The Alamo: 13 Days to Glory is a 1987 American Western television miniseries later edited into a feature film about the 1836 Battle of the Alamo written and directed by Burt Kennedy, starring James Arness as James Bowie, Brian Keith as Davy Crockett, Alec Baldwin as William Barrett Travis, Raul Julia as Antonio López de Santa Anna, and featuring a single scene cameo by Lorne Greene as Sam Houston.
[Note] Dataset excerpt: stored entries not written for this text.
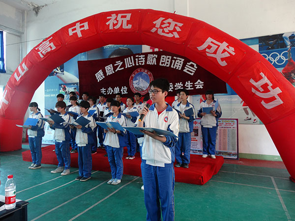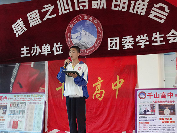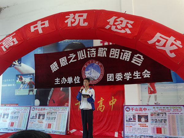 5月30日,千山高中舉辦了“感恩之心”-詩(shī)歌朗誦比賽,各班代表發(fā)揮文學(xué)創(chuàng)作的高超水平,用真摯、充沛的激情抒發(fā)了對(duì)父母、老師、祖國(guó)的熱愛(ài)!賽場(chǎng)上時(shí)而掌聲如雷、時(shí)而只能聽(tīng)到選手的心聲。二年五班團(tuán)體、二年四班魯晨同學(xué)從激烈的競(jìng)爭(zhēng)中脫穎而出,以近乎滿分獲得了冠軍!
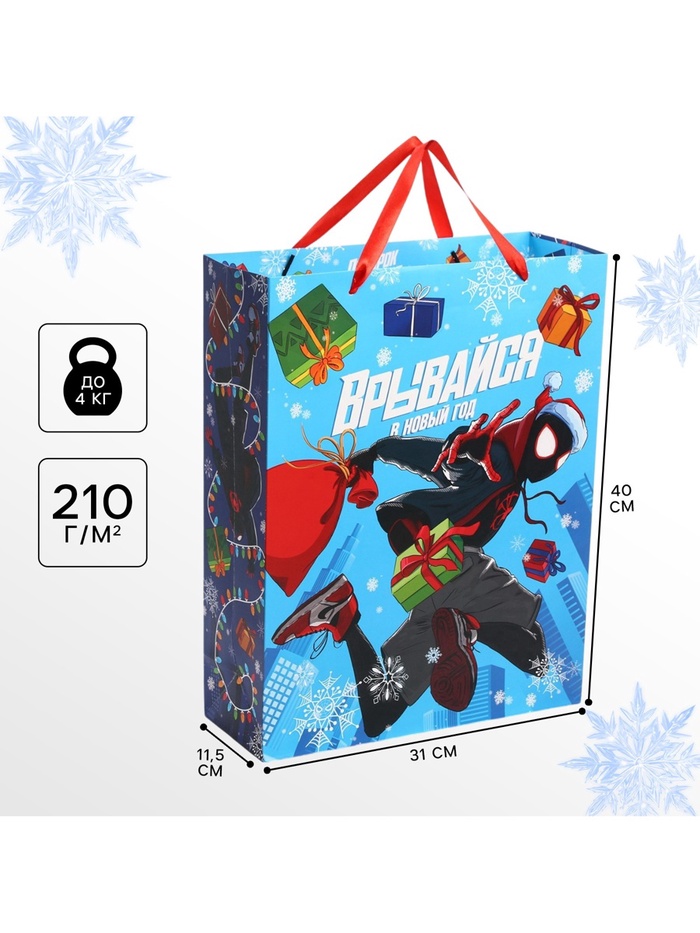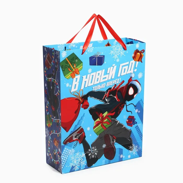 Пакет подарочный новогодний «Врывайся в Новый год!», 31×40×11.5 см, упаковка, Человек-паук — Характеристики
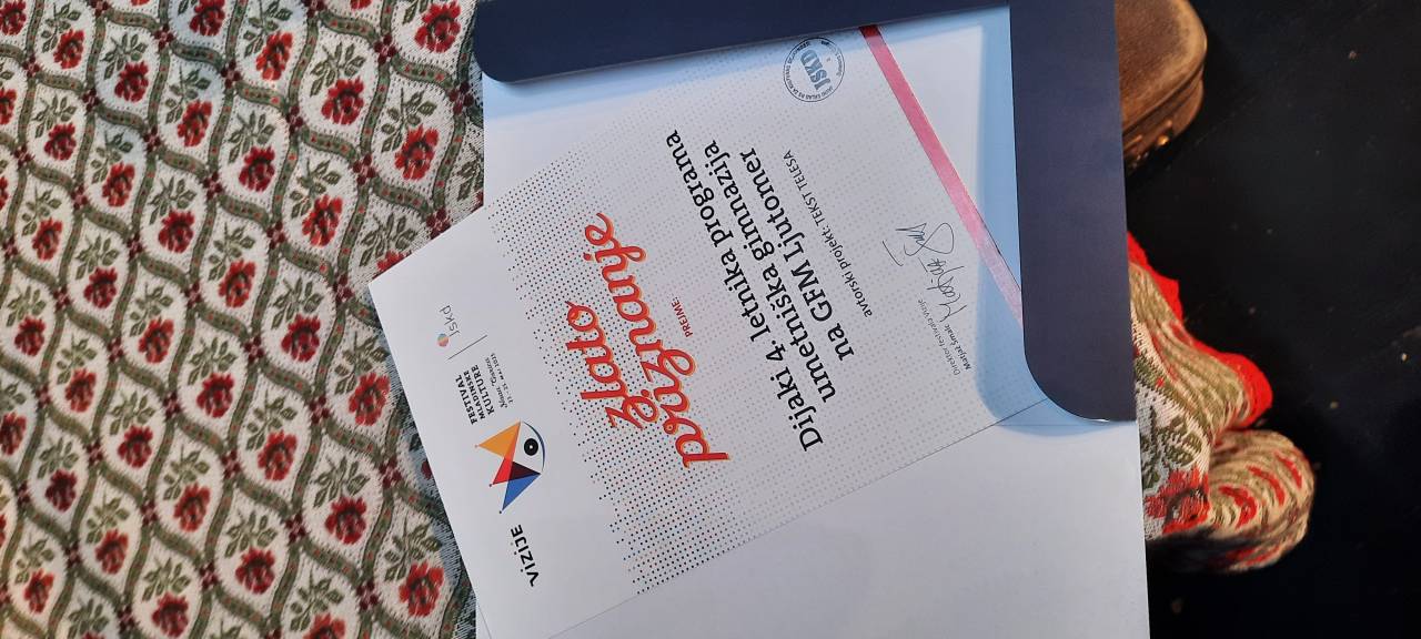 Predstava je bila nagrajena z državnim zlatim priznanjem Festivala Vizije.
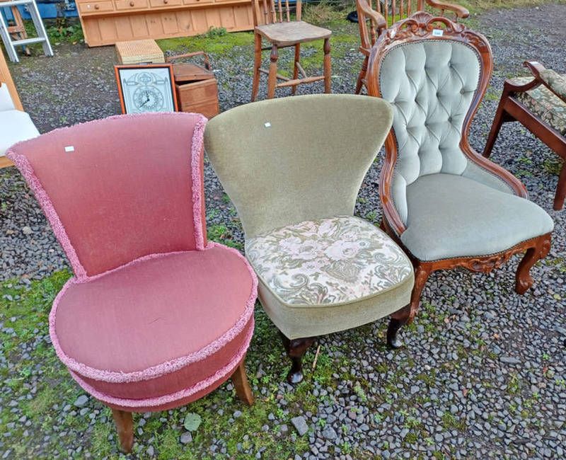 Beech framed button back ladies chair on cabriole supports & 2 other chairs
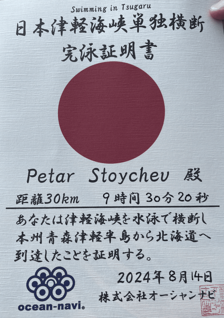 International Swimming Hall of Fame and International Marathon Swimming Hall of Famer Honor Swimmer Petar Stoychev could not help staring at the Windy app on his smartphone. The 47-year-old Bulgarian professional marathon swimmers wondered all day and night when and how he could attempt a crossing of the Tsugaru Channel in northern Japan.
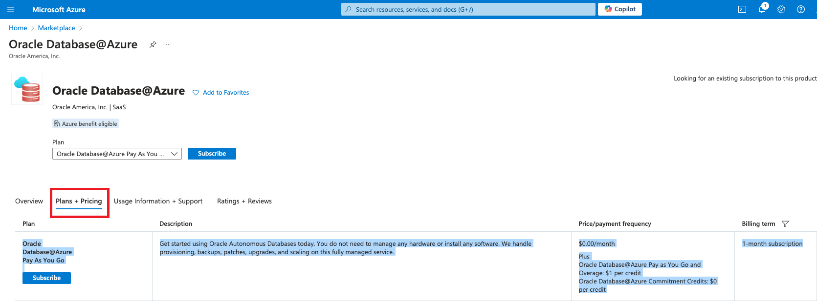 4. On the Oracle Database@Azure product page, review the information in the Overview, Plans + Pricing, and Usage Information + Support to ensure you understand the pricing, terms, and conditions. Then select Subscribe.
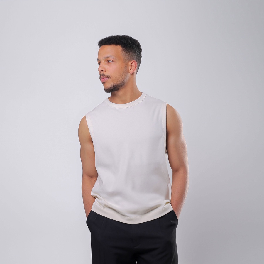 This sleeveless cotton tee is your go-to piece for a minimal smart look or a chill summer vibe. Made from soft, breathable cotton with a relaxed fit that sits just right – not too tight, not too loose.
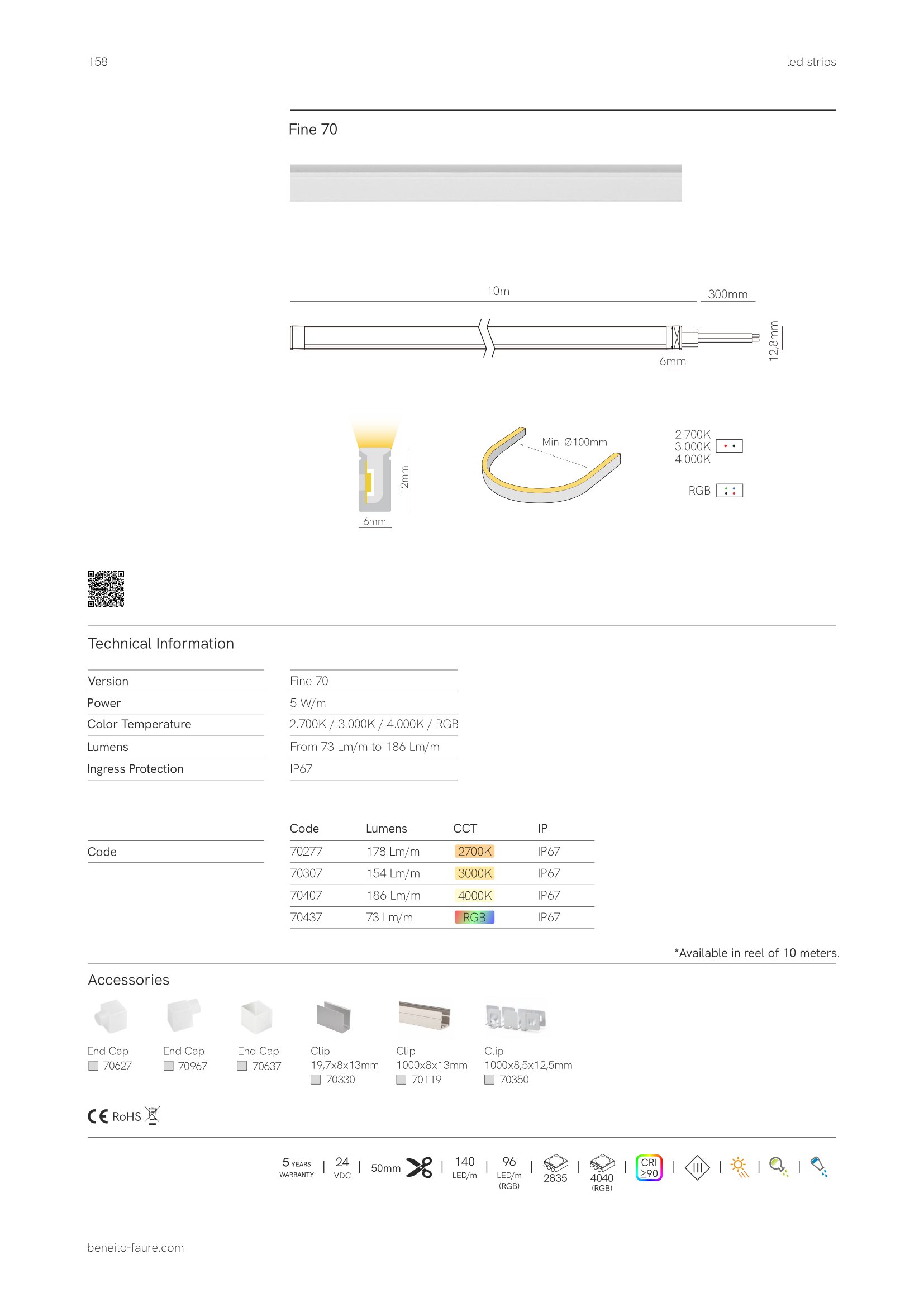 FINE-70 RGB LED-STRIP IP67 1m 24VDC 5W/m CRI90 12mm, Biegeradius 100mm
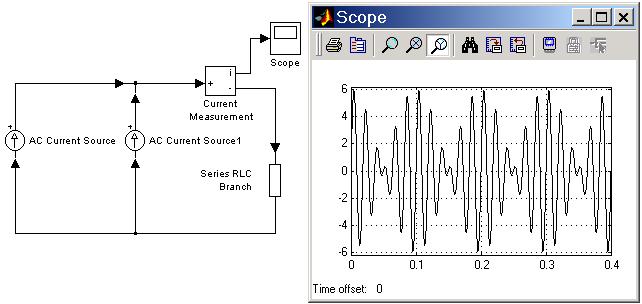 На рис. 1.5 показана схема, моделирующая работу двух источников тока на активную нагрузку. Источники имеют одинаковую амплитуду тока (3 А), но разную частоту (50 и 60 Гц). Ток в нагрузке является суммой токов этих двух источников.
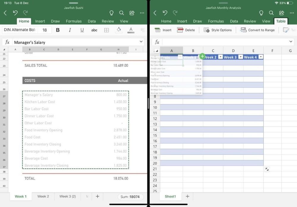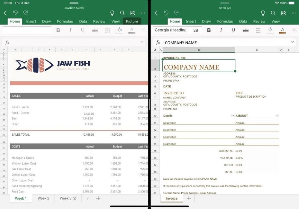 You can now open two Excel workbooks side-by-side and take advantage of the larger screen of your iPad.
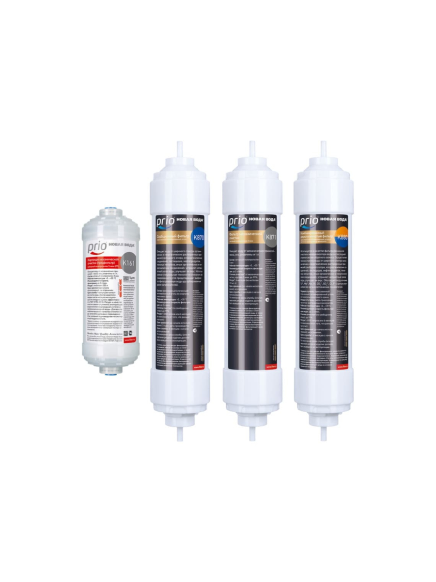 - Prio Новая Вода K870 — картридж тонкой механической очистки, удаляющий мелкие частицы и улучшая качество воды.
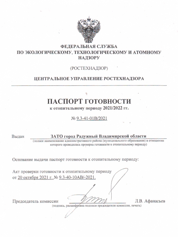 Комиссия Центрального управления Ростехнадзора по оценке готовности муниципальных образований Владимирской области к отопительному периоду 2021-2022 г.г. на заседании, которое состоялось 20.10.2021 г., установила готовность к работе в отопительном периоде муниципального образования ЗАТО г. Радужный Владимирской области. Ростехнадзором выдан паспорт готовности к отопительному периоду 2021-2022 г.г. муниципальному образованию ЗАТО г. Радужный Владимирской области.
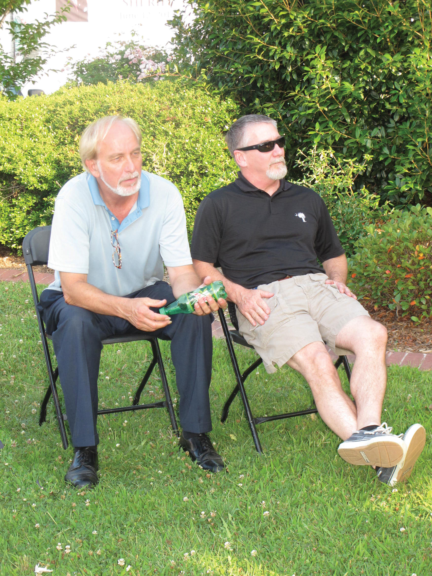 Mark Struhs and Roger Hovis enjoy a little toe-tapping music from Grainger & Rushing.
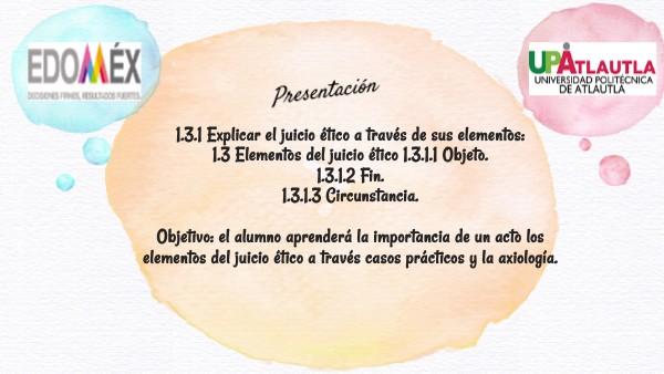 1.3.1 Explicar el juicio ético a través de sus elementos: 1.3 Elementos del juicio ético 1.3.1.1 Objeto. 1.3.1.2 Fin. 1.3.1.3 Circunstancia. Objetivo: el alumno aprenderá la importancia de un acto los elementos del juicio ético a través casos prácticos y la axiología.
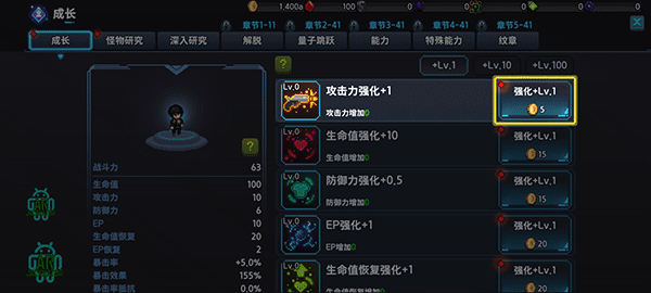 1、以超能力组合和装备效果成长角色,并进行协作模式!
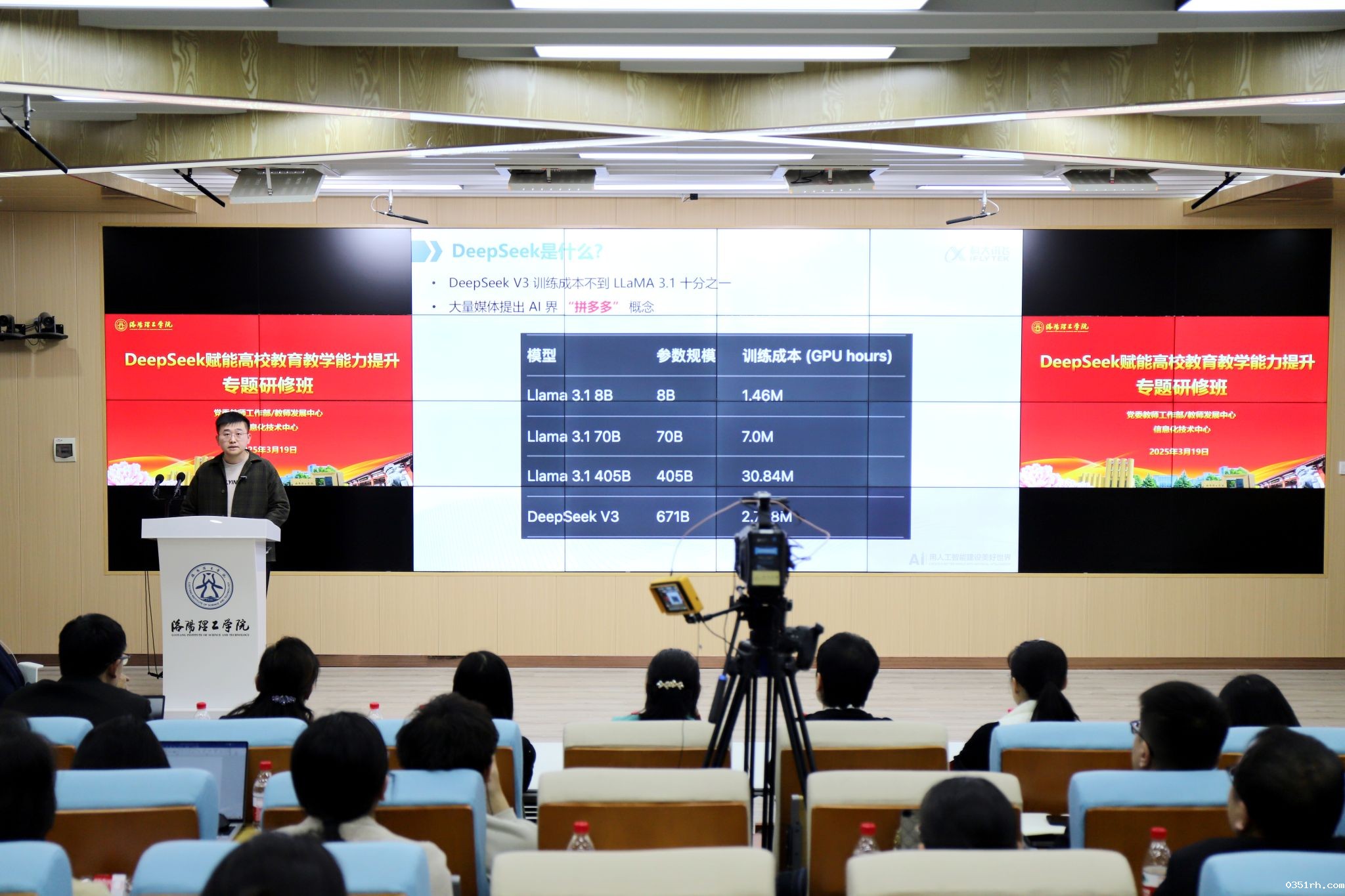 3月19日下午,DeepSeek赋能高校教育教学能力提升专题研修班在我校教师发展中心正式开班,本次研修班由党委教师工作部/教师发展中心与信息化技术中心携手打造。首场讲座特邀科大讯飞高级人工智能工程师朱吉光作《DeepSeek核心能力解析与场景应用》的专题培训,来自全校各部门的60余名教师现场参与。
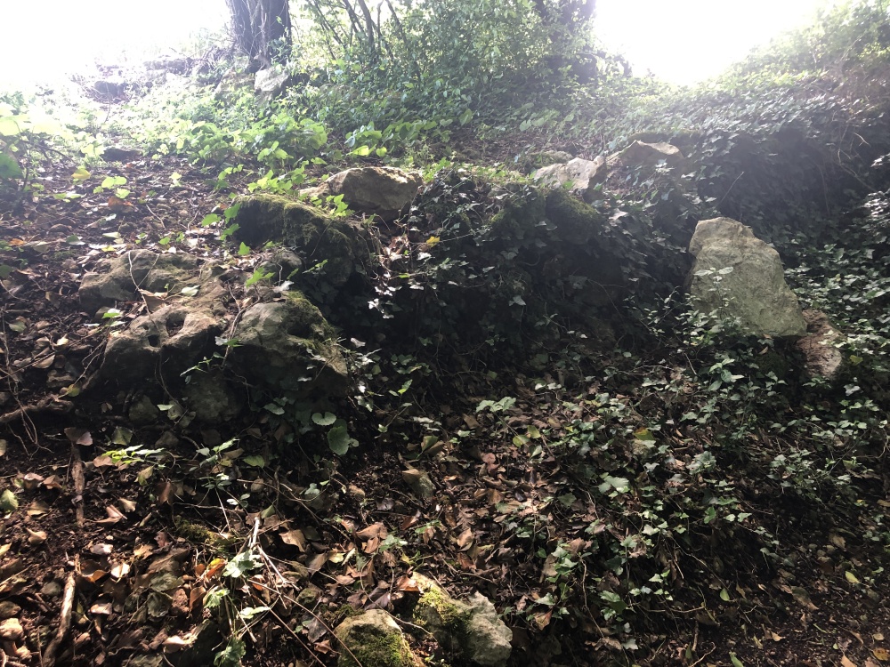 Abandonner ce chemin lorsqu'il part à droite pour pénétrer droit devant dans une allée boisée un peu caillouteuse (Photo 1). Découvrir alors la réalité construite de de la voie "romaine", antique itinéraire reliant Angoumois et Périgord et marquant sur une longue distance la limite entre les communes de Brie et Champniers.

Unlike most other films about the Alamo — the most prominent other exception being the 1955 film The Last Command (which was released during the cultural frenzy created by Walt Disney's Davy Crockett television miniseries) — it focuses on Bowie as the main character rather than Crockett.

The production was shot at Alamo Village, the Alamo replica built by John Wayne for his lavish 1960 film The Alamo.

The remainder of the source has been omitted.